### WORK TO BE COMPLETED
Your answer should be every line with the word "this", copied from the data below.

Data entries:
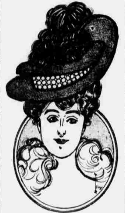
BLACK CHIP HAT.

Chinese blue liberty broadcloth trimmed with continental buff—which is
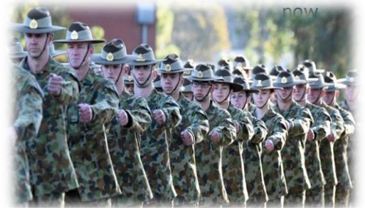
Australian Army recruits in training at 1st Training Battalion, Kapooka, NSW

Recruits will also receive foundation training in chemical, biological, radiological and nuclear defence and be required to pass a PESA (physical employment standards assessment) before marching out of Kapooka.
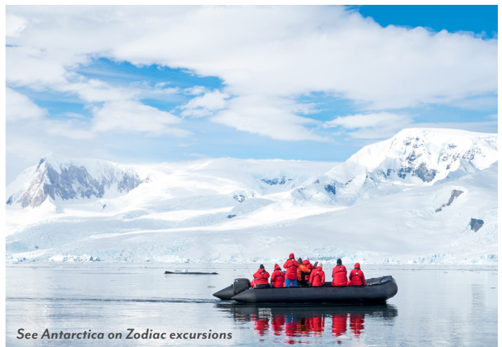
See Antarctica on Zodiac excursions

Iguazú Falls | 4 days, 3 nights Parque das Aves jungle reserve
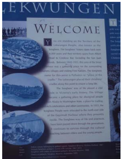
A sign that explains the history of this location

The last location of our field trip was in the heart of downtown Victoria at the Inner Harbour. Here, we learned that the Songhees people originally lived in the area right where we were standing, but in 1911, the Songhees people were moved by the government away from downtown to the site where their reserve is still located today, on the outskirts of Victoria. Two totem poles stand at the location of the original village site to commemorate this history. This part of the trip really brought to life the displacement many First Nations communities experienced as a result of settlement and colonial policies.
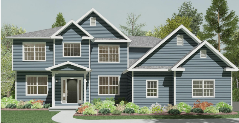
2,962 Square Feet

### WRITTEN SOLUTION
A sign that explains the history of this location
The last location of our field trip was in the heart of downtown Victoria at the Inner Harbour. Here, we learned that the Songhees people originally lived in the area right where we were standing, but in 1911, the Songhees people were moved by the government away from downtown to the site where their reserve is still located today, on the outskirts of Victoria. Two totem poles stand at the location of the original village site to commemorate this history. This part of the trip really brought to life the displacement many First Nations communities experienced as a result of settlement and colonial policies.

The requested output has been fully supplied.